Сумасшедший холодок пробежал по телу у Шелехова — и у других. Трудно было поверить ушам. Все знали и презирали немного этого запуганного, угодливого перед начальством, забитого годами служебной лямки чиновника. И вот он… перед всеми юнкерами вслух. И о ком, о ком!

Или в самом деле непоправимо, навеки свихнулось что‑то в мире?

— Хотели ведь, подлецы, под Минском фронт открыть. Хорошо, Государственная дума телеграмму перехватила! А?

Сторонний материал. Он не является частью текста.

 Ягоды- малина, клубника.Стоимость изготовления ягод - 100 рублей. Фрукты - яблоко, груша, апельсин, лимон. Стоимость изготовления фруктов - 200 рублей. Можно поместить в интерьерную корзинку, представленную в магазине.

Юнкера глазели на полковника — одни боязливо, другие — с презрительной снисходительностью. Рехнулся от счастья, бедняга!.. А Шелехову понялось, что на волоске еще одна надежда. Как же тогда производство? Жди, пока там уляжется все на верхах, кого‑то смахнут, кого-то еще поставят. Трещит, накренилась 180–миллионная страна! Кому дело до каких‑то полутораста недопроизведенных юнкеров! А ему так хотелось пожить обеспеченной офицерской жизнью — хоть месяц — два, досыта поесть… натопавшись за день с матросской ротой, приходить в тихую комнату ночью, у отшумевшего самовара, забыв обо всем, безмятежно разложить под лампой любимые, просвечивающие заветными виденьями книги и тетради…

Все шло прахом.

А полковник, не видя, не понимая ничего, обнял забывчиво Селезнева, поддавшегося ему с уважением, и, сияя добрейшими морщинами, грозил кому‑то пальцем:

— Вы думаете, матросы — они не видят? Они все видят. Вы спросите генерала, куда от продовольствия экономические денежки‑то девались? Тыщи ведь! Он один их экономил? Так тоже нехорошо, господа. На одно жалованье домик в Кронштадте не построишь!

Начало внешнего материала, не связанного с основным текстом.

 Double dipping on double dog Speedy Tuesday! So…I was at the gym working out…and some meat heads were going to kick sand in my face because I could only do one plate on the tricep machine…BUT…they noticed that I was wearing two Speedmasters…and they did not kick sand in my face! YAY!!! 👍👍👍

Тянуло опять, как тогда, в ожиданье зловещего залпа, лечь на койку, уйти в себя… Похолоделая комната опускалась в ночь. Внизу гнусаво проиграл рожок. Там топали, матросы строили караул, одни, без офицеров, отсылали его куда‑то в ночные улицы. На своей койке, пользуясь растрепанностью юнкеров, Белин, в одних подштанниках; застыл с воздетыми к потол — ку руками, прислонив перед собой огромную икону к подушке. Он плыл в жизнь, ужасаясь…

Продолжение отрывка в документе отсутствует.